§ **PROBLEM DETAILS**: From the first line of the listing below to the line containing "В этом году", write out everything exactly. No pictures.

§ **GIVEN DATA**:
-- Opening Marker --

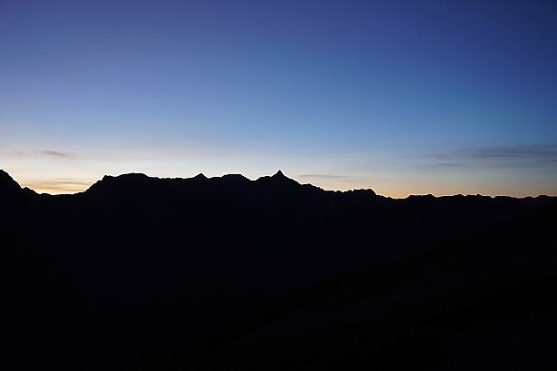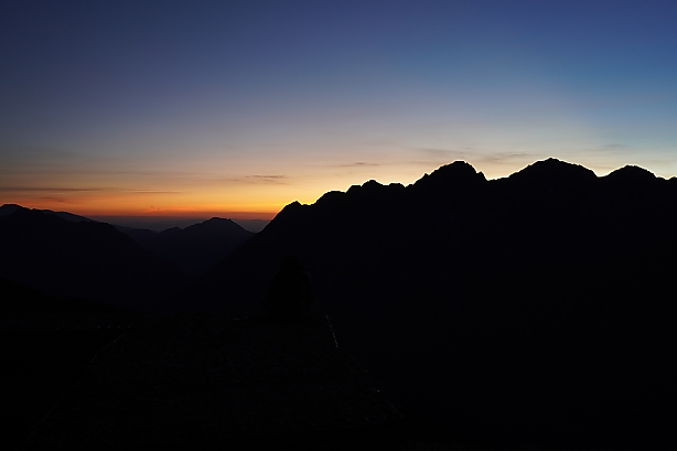 ▲▼夕食後、陽が沈み穂高連峰がシルエットに
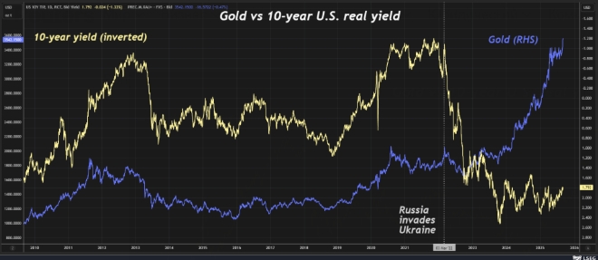 В этом году динамика золота и государственных облигаций существенно разошлась, и это особенно проявилось на этой неделе, когда цена на золото достигла нового максимума, а доходность долгосрочных облигаций достигла уровней, не наблюдавшихся десятилетиями, а в некоторых случаях и вообще никогда.
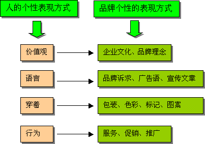 但是在进行产品概念的推广时,也不能忽略对品牌的塑造,要保持品牌概念与产品概念的相关性,否则当企业花费巨资让消费者认知并认同了这个产品,由于没有对品牌进行塑造,所以当企业推出新品时,无法借助品牌的张力,导致必须重新教育市场。比如:如果企业的产品是工业用仪器仪表,那么产品概念主要应该在产品的功能和特点上,而这时也必须进行品牌的塑造,品牌的个性必须与产品特点相一致,活泼动感显然就不合适了,适合工业品的品牌个性应该是诚实稳重的。 4.注意凸现品牌个性的差异性。 品牌的个性是指品牌的独特气质与特点,因此必须具有差异性,否则品牌个性与竞品雷同,就会丧失个性,无法形成品牌的张力。 品牌个性的差异性是建立在品牌定位的基础上的,必须符合产品的特点和消费者状况,并表现在品牌的各个要素上,如产品包装、品牌标识、广告诉求、价格差异、促销策略等等。 P&G公司的品牌管理非常成功,整个公司的品牌定位很简单,就是“宝洁公司,优质产品”,在这个品牌定位基础上,以洗发水为例,不同的品牌就有不同的特点和个性,“飘柔”是“自信”,“海飞丝”是“清新潇洒”,潘婷是“靓丽”,沙宣是“时尚”等等,在广告代言人、广告诉求、产品包装上都与自己的个性保持一致,从而使一个品牌在消费者心中留下深刻印象。 5.品牌个性的表现方式。 品牌的个性表现与人的个性表现是有许多相似之处的: 首先,深层次的是一个企业的企业文化、价值观,这在表面看起来跟品牌个性没太大关系,其实是一种误解。一个品牌,包括他的产品本身、核心价值、服务都是企业管理理念的折射,一个保守的企业不可能创造出一个动感时尚的品牌。这就跟人一样,一个人的价值观、道德观将直接影响他的态度、行为、语言等要素,自私的人缺乏对社会的责任感和使命感,不可能成为见义勇为者,同样,惟利是图的企业不可能塑造出一个具有高度美誉度和忠诚度的品牌。 其次,品牌诉求、广告语、宣传文章是公司通过各种媒体对外宣传自己品牌的“语言”,因此,语言的风格就非常的重要,就跟我们说话时,有的人含蓄,有的人直爽,还有的人幽默或者深沉,每一种方式都是其个性的体现。 然后,产品的包装、色彩的选择、企业标识、卡通形象、广告形象代言人都反映出一个品牌的个性。比如力士洗发水的品牌定位是高档与高雅,具有高贵的气质,因此它的广告代言人都是国际明星,比如象张曼玉、章子怡,这些明星的气质和形象与它的品牌定位非常的一致。 最后,一个企业的行为也能反映出他的独特个性。企业的促销策略、服务方式、推广方式、渠道策略、内部管理都能反映出一个品牌的个性,因此,品牌个性的塑造是全方位的,而不是仅限于产品和销售本身。 下面的这个图形把品牌的个性表现方式与人的个性表现方式进行了对照,可以很清晰地看出两者之间的关系。

-- Closing Marker --

§ **EXERCISE OUTPUT**:
 ▲▼夕食後、陽が沈み穂高連峰がシルエットに
 В этом году динамика золота и государственных облигаций существенно разошлась, и это особенно проявилось на этой неделе, когда цена на золото достигла нового максимума, а доходность долгосрочных облигаций достигла уровней, не наблюдавшихся десятилетиями, а в некоторых случаях и вообще никогда.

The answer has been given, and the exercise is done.